## Given records:
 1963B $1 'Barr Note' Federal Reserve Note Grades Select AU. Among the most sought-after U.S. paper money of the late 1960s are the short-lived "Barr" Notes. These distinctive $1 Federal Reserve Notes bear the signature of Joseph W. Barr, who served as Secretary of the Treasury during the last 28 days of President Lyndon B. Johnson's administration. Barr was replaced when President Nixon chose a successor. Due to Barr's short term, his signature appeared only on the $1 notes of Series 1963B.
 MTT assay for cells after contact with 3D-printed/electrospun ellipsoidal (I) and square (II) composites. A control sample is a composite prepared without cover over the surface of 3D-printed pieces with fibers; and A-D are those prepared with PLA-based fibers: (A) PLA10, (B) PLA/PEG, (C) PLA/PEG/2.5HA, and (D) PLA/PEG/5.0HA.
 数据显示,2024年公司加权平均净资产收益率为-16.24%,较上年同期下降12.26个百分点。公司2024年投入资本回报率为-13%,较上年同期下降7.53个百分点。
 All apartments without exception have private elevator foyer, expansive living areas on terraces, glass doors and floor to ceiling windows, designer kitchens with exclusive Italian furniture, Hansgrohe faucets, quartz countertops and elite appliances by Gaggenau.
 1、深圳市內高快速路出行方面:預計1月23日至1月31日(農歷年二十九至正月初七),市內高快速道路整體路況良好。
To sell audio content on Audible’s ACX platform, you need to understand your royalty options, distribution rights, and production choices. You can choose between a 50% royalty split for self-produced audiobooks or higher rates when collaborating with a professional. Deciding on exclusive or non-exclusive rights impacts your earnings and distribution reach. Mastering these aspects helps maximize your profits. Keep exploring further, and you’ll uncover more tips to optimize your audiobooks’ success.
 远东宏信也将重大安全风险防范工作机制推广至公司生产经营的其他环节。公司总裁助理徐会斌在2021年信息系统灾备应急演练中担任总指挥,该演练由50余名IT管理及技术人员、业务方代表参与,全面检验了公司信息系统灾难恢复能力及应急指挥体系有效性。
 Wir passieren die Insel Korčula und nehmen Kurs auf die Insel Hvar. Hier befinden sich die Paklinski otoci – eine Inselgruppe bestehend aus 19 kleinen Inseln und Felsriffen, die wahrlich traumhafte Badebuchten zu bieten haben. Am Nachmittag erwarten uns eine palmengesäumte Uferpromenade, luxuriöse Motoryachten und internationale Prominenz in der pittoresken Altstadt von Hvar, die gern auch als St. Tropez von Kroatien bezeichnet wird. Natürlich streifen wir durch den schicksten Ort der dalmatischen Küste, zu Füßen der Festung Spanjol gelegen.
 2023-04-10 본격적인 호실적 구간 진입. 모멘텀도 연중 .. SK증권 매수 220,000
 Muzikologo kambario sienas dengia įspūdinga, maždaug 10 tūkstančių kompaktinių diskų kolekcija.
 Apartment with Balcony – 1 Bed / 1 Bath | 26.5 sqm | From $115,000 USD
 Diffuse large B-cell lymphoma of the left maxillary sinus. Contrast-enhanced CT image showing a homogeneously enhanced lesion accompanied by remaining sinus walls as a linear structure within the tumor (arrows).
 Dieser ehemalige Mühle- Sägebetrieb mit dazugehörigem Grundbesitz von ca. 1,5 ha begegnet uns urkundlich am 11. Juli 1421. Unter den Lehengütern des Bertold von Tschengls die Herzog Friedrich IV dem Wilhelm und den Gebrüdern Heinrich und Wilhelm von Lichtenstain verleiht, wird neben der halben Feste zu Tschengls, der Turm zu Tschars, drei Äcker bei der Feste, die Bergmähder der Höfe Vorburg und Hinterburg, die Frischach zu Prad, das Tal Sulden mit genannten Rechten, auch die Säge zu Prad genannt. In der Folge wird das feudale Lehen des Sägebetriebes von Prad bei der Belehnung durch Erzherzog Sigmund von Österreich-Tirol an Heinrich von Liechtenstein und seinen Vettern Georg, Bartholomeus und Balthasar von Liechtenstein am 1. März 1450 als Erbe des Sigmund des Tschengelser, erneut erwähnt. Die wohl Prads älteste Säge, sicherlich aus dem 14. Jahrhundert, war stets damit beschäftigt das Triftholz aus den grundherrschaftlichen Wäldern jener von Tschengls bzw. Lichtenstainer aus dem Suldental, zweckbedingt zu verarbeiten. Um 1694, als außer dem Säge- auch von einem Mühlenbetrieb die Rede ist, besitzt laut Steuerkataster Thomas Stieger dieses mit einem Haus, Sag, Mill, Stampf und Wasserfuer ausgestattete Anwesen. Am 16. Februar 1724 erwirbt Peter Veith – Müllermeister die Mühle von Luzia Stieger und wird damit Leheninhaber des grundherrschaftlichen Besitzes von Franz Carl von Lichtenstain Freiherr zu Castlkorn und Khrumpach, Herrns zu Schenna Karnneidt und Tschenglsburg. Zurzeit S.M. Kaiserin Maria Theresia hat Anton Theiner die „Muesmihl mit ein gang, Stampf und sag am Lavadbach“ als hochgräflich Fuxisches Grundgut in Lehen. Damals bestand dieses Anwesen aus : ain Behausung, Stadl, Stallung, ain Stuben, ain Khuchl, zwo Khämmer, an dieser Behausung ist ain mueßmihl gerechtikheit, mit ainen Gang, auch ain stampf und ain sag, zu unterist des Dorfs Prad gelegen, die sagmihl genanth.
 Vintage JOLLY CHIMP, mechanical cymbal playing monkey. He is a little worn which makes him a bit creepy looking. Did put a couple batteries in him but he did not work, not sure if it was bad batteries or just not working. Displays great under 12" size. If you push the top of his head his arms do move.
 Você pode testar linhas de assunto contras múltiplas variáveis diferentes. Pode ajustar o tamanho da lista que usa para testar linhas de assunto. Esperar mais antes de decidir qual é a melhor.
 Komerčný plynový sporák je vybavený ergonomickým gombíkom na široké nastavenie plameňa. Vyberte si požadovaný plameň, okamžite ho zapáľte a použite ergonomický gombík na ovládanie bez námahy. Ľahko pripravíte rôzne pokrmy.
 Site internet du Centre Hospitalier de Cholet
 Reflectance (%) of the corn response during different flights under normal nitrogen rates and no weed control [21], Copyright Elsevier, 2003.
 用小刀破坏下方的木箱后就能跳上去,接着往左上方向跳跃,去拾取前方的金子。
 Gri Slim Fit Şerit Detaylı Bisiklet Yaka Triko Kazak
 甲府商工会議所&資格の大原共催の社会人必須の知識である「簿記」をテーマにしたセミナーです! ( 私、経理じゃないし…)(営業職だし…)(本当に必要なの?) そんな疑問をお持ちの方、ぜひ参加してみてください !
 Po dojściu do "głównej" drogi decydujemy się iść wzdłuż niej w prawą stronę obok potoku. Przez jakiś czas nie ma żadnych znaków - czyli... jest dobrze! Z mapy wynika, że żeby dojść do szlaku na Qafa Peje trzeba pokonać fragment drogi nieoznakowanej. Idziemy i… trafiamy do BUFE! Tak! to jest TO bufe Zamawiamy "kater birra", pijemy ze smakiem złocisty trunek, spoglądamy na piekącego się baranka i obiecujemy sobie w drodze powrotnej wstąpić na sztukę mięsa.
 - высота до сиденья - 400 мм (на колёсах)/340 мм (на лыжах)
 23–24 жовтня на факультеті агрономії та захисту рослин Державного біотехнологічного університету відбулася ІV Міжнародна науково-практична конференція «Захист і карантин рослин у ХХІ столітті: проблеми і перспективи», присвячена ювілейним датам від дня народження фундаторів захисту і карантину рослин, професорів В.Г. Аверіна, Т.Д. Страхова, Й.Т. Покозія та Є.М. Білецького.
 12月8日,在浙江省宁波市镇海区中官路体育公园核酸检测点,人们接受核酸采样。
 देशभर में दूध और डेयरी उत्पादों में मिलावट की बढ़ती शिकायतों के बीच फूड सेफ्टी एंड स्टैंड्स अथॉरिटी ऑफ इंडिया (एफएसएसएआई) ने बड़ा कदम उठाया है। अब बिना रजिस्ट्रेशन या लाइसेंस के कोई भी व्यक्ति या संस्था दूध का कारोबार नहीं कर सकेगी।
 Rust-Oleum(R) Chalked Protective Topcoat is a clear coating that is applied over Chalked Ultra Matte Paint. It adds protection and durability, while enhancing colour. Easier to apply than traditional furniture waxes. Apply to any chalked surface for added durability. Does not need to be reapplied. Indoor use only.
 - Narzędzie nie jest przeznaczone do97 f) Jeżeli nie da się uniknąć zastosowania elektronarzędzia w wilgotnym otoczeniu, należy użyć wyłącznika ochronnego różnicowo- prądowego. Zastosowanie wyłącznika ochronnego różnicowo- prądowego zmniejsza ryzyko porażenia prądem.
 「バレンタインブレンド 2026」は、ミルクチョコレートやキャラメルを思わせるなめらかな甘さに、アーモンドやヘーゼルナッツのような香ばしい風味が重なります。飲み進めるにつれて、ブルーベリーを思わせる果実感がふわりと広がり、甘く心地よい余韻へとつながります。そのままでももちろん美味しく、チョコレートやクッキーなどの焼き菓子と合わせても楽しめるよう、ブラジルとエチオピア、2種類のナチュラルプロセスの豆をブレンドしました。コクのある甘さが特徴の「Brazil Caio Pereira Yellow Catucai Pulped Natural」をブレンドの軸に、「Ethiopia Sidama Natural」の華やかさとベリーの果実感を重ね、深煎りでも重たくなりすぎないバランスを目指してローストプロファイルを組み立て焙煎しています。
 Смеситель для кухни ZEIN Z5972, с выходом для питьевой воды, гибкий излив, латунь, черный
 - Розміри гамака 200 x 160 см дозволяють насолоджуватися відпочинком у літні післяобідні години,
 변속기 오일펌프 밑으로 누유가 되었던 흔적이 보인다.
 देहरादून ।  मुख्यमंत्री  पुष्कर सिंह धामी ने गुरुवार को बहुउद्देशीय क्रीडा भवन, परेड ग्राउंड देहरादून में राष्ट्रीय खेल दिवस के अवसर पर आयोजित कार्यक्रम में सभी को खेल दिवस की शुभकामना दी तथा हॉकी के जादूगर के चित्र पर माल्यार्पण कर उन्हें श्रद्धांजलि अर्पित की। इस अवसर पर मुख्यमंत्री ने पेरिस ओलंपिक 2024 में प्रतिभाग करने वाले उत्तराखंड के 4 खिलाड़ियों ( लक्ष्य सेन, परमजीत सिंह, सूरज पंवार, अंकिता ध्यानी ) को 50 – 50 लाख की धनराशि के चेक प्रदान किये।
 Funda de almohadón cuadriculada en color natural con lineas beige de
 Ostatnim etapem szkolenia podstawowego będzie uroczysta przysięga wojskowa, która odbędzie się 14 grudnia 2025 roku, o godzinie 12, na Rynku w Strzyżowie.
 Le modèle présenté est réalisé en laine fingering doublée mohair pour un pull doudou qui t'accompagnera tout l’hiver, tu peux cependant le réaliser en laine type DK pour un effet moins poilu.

## Goal of the exercise:
Return all lines from the data above with "control" in them.

## Written reply:
 MTT assay for cells after contact with 3D-printed/electrospun ellipsoidal (I) and square (II) composites. A control sample is a composite prepared without cover over the surface of 3D-printed pieces with fibers; and A-D are those prepared with PLA-based fibers: (A) PLA10, (B) PLA/PEG, (C) PLA/PEG/2.5HA, and (D) PLA/PEG/5.0HA.
 Reflectance (%) of the corn response during different flights under normal nitrogen rates and no weed control [21], Copyright Elsevier, 2003.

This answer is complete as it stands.